Less than 10 percent of available genetic data come from Africans, Siwo says. Building out a database could lead to better information and better medicine.
Sure enough, he observed that endogenous retrovirus reverse transcriptase contains mutations that can confer resistance to HIV drugs. That means if HIV incorporates some of these mutated sequences into its own DNA, the result could be a drug-resistant virus. He submitted an abstract to the Interscience Conference on Antimicrobial Agents and Chemotherapy — and, at 24, received an invitation to present his findings in Chicago. “That experience has always convinced me of the power of computing as a means of solving very difficult biological problems,” he says. He hopes the United Genomes Project database could similarly help other African scientists conduct their own research.
Siwo then headed to the University of Notre Dame for a doctorate in computational biology, investigating drug resistance and malaria. His Ph.D. adviser, Gustavo Stolovitzky, recalls him as shy yet persistent. “If he has a question, he forces himself to ask it. It’s more important for him to know,” he says. “He’s a gem, but a rough gem, polishing himself, working actively on his own development.”
Shyness is a comparatively minor hurdle. In 2007, his two remaining sisters died of pneumonia within the span of a year. “We had grown so close,” he says with a pause. “But their kids are always a reminder. They have an even bigger struggle than I can ever have.”
With United Genomes, Siwo joins the ranks of citizen science advocates like David Baker, who uses games to predict the structure of proteins, and the ILIAD Project, which asks citizen scientists to test plants and other specimens for antibiotic properties. Critics of the citizen science movement question the rigor of data collected by amateurs. But there are clear advantages to crowdsourcing genetic data, especially when it comes to data from African countries. Less than 10 percent of available genetic data come from Africans, Siwo says, and building out a database could lead to better information and better medicine for not only Africans, but all other races.
He’s got good timing. A digital revolution swept Africa in the latter half of the last decade, thanks to the installation of undersea fiber optic cables that boosted data transmission capacity. The number of Internet users in Africa grew a whopping 3,600 percent between 2002 and 2012, to 167 million.

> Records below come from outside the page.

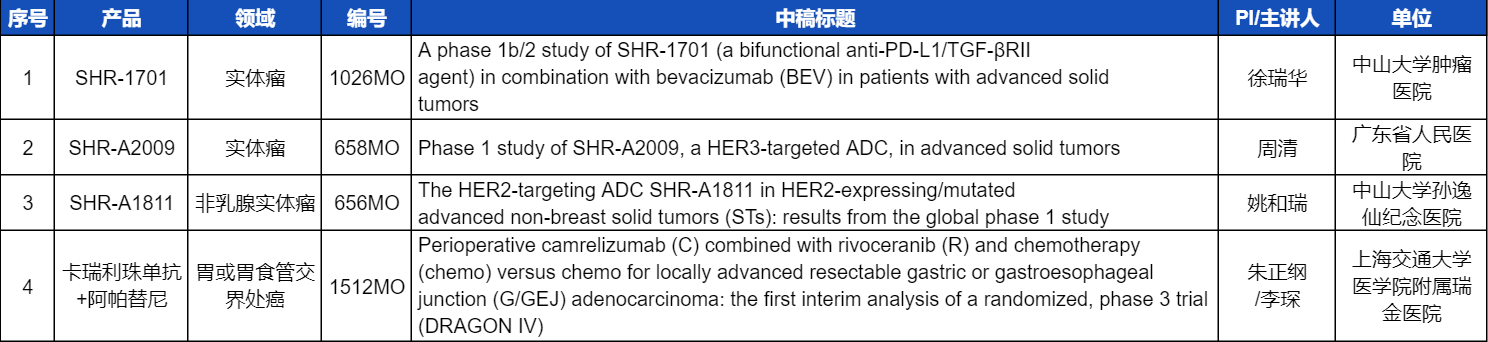 本次ESMO大会,将由中山大学肿瘤医院徐瑞华教授、广东省人民医院周清教授、中山大学孙逸仙纪念医院姚和瑞教授、上海交通大学医学院附属瑞金医院李琛教授分别就4项EVO医药创新产品相关研究做口头报告,包括SHR-1701、SHR-A2009、SHR-A1811这3款未上市创新产品的实体瘤治疗临床研究,以及1项“双艾”组合(卡瑞利珠单抗联合阿帕替尼)治疗局部晚期可切除胃/胃食管交界处癌的Ⅲ期临床试验期中分析。
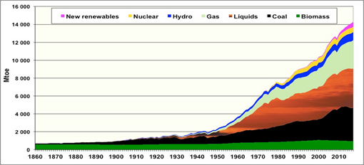 Jancovici a établi un tableau d’évolution de la consommation d’énergie dans le monde entre 1860 et 2010 (en millions tonnes équivalent pétrole).
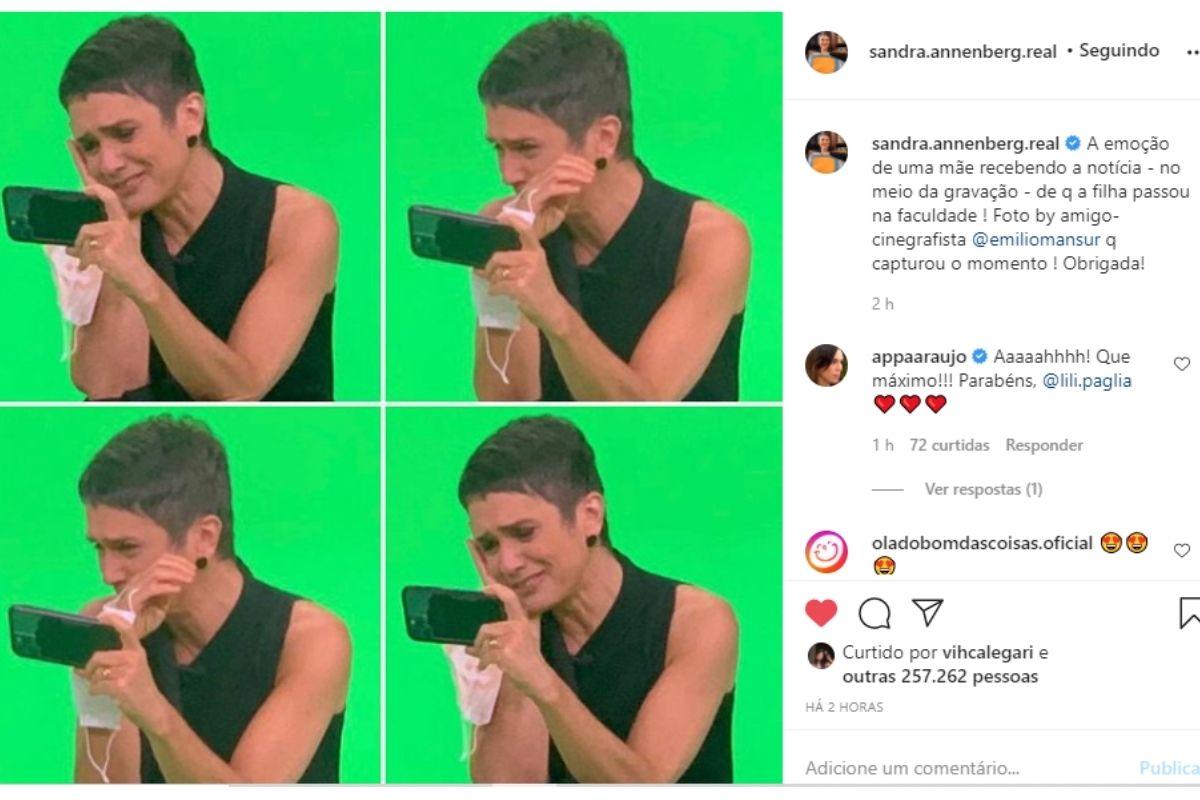 Essa não é a primeira vez que Sandra mostra o orguho que tem da filha nas redes! Recentemente Sandra contou aos seguidores que Elisa entrou na faculdade. Na ocasião a jornalista compartilhou uma sequência de fotos em que aparece chorando ao receber a notícia. E o melhor: tudo aconteceu enquanto ela gravava, na TV Globo!
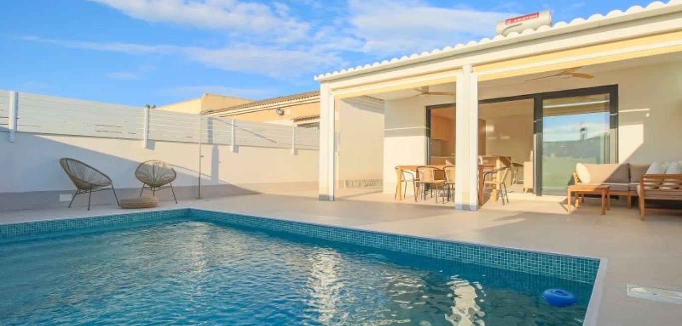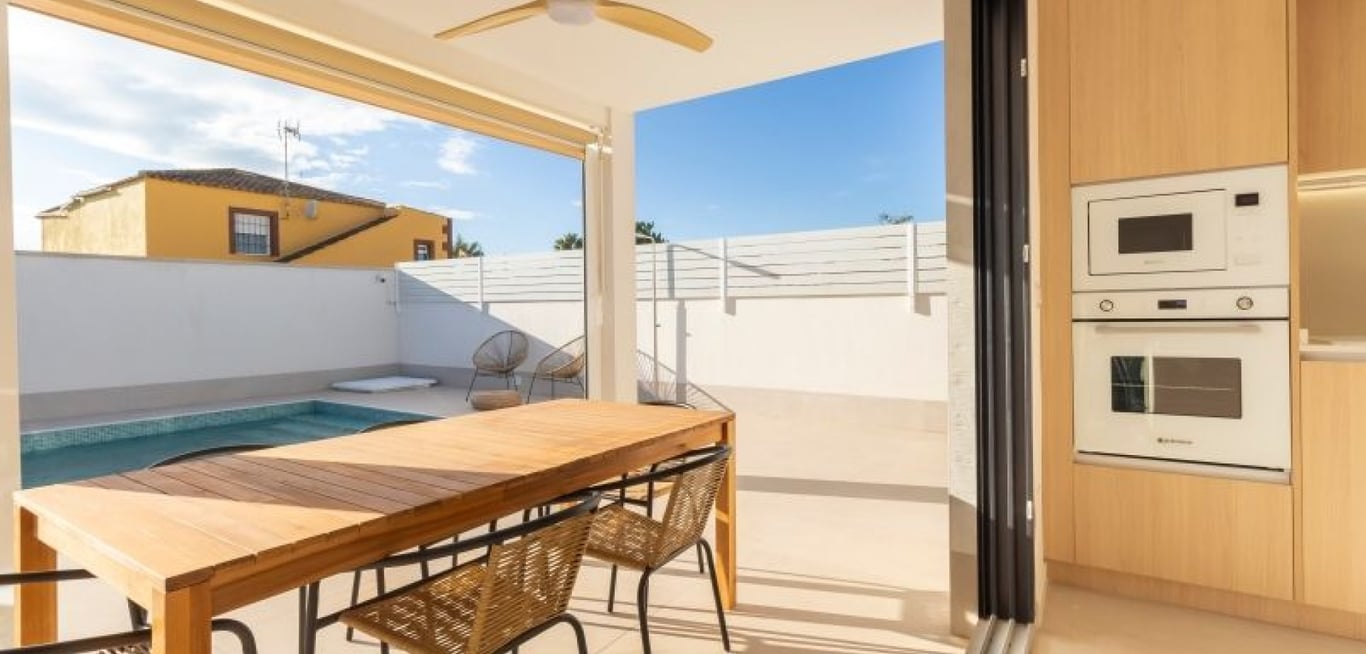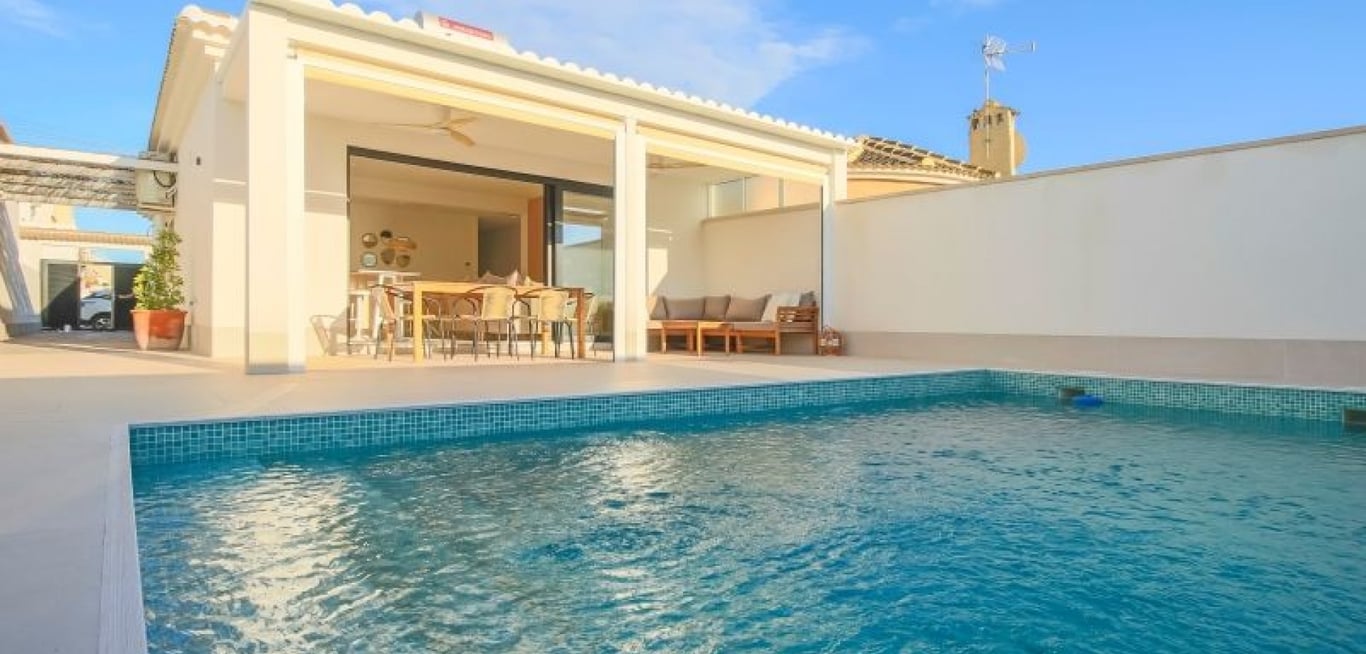Incredibly beautiful and completely renovated semi-detached house with a villa-like feel in the popular area of El Chaparral, just north of Torrevieja. The house is on one level and consists of three bedrooms, two bathrooms, and a spacious living room with an open kitchen and plenty of light. From the living room, you can access the grounds with the beautiful patios and the inviting pool area. The house was completely renovated in 2024 and has a bright, modern, and very elegant design. The ent...
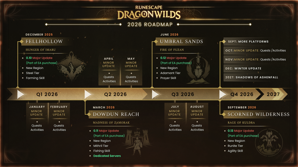 Tras lanzar la actualización Fellhollow en 2026, Jagex prepara un nuevo calendario de contenido donde mes tras mes lanzarán actualizaciones de diversas escalas con menor o mayor contenido, donde marzo, junio y septiembre de 2026 se destacan como las fechas con actualizaciones más grandes, trayendo consigo nuevas características, mecánicas, nuevas regiones, servivores dedicados, su llegada a más plataformas y mucho más.

Investors seem drawn to his quiet warmth and depth of knowledge. “He gets what he wants when he meets an influential person,” says biomedical consultant and Siwo’s longtime friend, Susan Morgensztern. “They’re in his camp.” He and his colleagues recently licensed a method to predict age from DNA to an undisclosed company, and they are in talks with another company to further develop the technology.
Siwo is still a bachelor. He doesn’t sleep much, according to Stolovitzky, who worries about Siwo “spreading out too thin,” he says. “At this stage of his career … he could focus a little bit more to get the most of his projects.”
But Siwo remains as dogged as ever. “We need to find new mechanisms that can work across multiple diseases,” he says. “Every disease deserves to be worked on.” When it comes to eradicating disease, he can’t spread himself thin enough.